Starting at the line containing "Featuring a red" and ending at the line containing "데이터 테이블에 첨부", transcribe the listing below exactly. Keep both end lines, skip the pictures, and copy nothing else.
START Extracted information
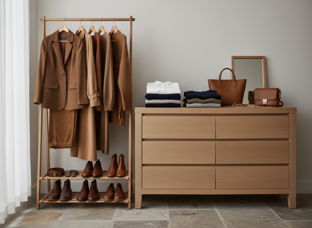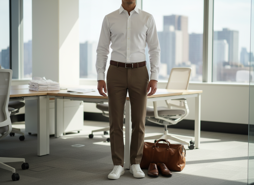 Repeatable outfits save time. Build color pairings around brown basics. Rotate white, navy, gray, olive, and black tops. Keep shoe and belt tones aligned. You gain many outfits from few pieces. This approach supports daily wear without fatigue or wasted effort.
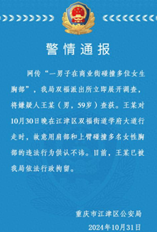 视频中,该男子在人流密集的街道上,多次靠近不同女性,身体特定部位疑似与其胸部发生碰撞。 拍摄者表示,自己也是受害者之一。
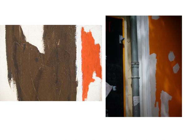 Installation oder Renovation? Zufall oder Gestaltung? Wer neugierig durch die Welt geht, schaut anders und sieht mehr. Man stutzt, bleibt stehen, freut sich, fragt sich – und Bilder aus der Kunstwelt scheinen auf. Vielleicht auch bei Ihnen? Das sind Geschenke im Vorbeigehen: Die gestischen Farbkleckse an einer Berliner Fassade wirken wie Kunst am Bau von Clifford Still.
END Extracted information
START Extracted information
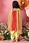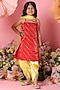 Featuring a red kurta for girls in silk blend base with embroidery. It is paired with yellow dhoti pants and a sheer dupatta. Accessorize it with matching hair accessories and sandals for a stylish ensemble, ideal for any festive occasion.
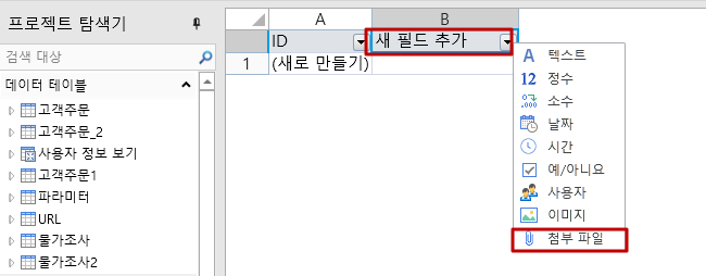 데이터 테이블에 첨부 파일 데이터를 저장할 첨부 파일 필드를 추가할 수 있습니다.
END Extracted information
### [Result below]
 Featuring a red kurta for girls in silk blend base with embroidery. It is paired with yellow dhoti pants and a sheer dupatta. Accessorize it with matching hair accessories and sandals for a stylish ensemble, ideal for any festive occasion.
 데이터 테이블에 첨부 파일 데이터를 저장할 첨부 파일 필드를 추가할 수 있습니다.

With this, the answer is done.